13/12/13 12:00:22 INFO mapreduce.Job: The url to track the job: http://localhost:8080/
13/12/13 12:00:22 INFO mapreduce.Job: Running job: job_local1170901099_0001
13/12/13 12:00:22 INFO mapred.LocalJobRunner: OutputCommitter set in config null
13/12/13 12:00:22 INFO mapred.LocalJobRunner: OutputCommitter is org.apache.hadoop.mapreduce.lib.output.FileOutputCommitter
13/12/13 12:00:22 INFO mapred.LocalJobRunner: Waiting for map tasks
13/12/13 12:00:22 INFO mapred.LocalJobRunner: Starting task: attempt_local1170901099_0001_m_000000_0
13/12/13 12:00:22 INFO util.ProcfsBasedProcessTree: ProcfsBasedProcessTree currently is supported only on Linux.
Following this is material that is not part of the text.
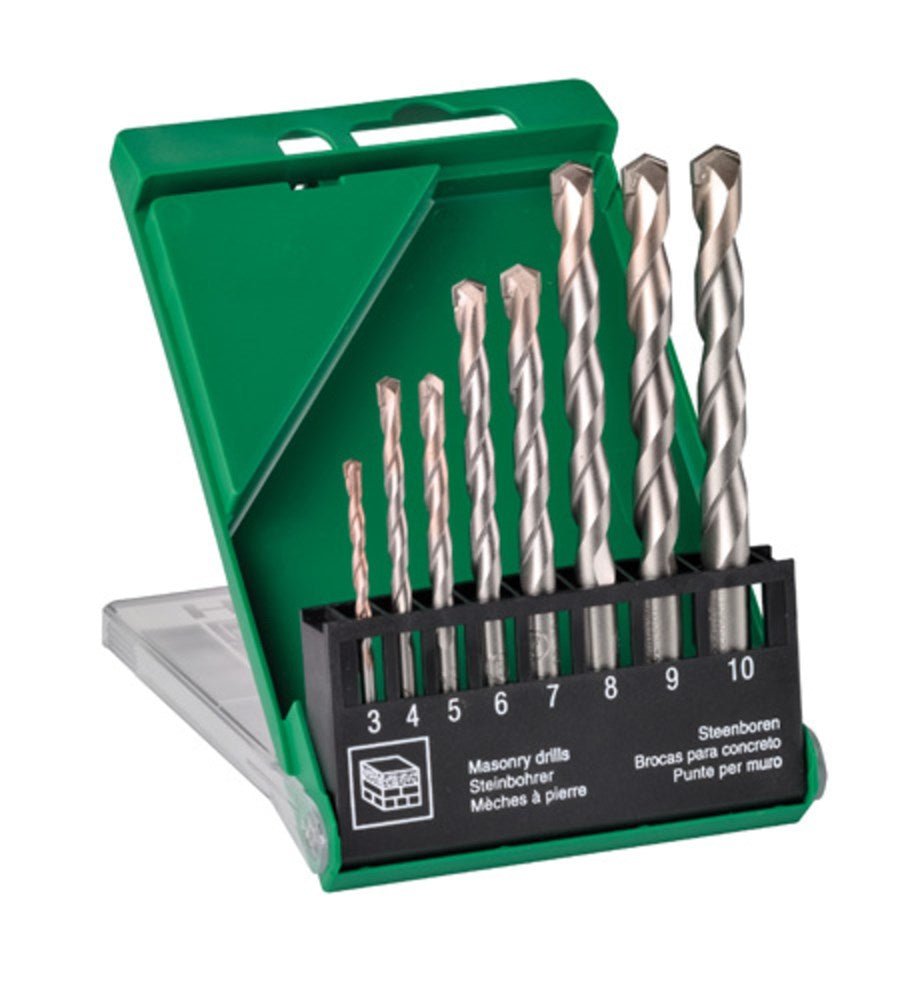 Set bevat: 8-delige borenset met diameters van 3 mm tot 10 mm, geschikt voor het boren in beton, baksteen en natuursteen. Ideaal voor diverse bouw- en renovatietoepassingen.

13/12/13 12:00:22 INFO mapred.Task:  Using ResourceCalculatorProcessTree : null
13/12/13 12:00:22 INFO mapred.MapTask: Processing split: hdfs://localhost:9000/user/chaitanya.nadig/friendship.txt:0+134217728
13/12/13 12:00:22 INFO mapred.MapTask: Map output collector class = org.apache.hadoop.mapred.MapTask$MapOutputBuffer
13/12/13 12:00:23 INFO mapred.MapTask: (EQUATOR) 0 kvi 26214396(104857584)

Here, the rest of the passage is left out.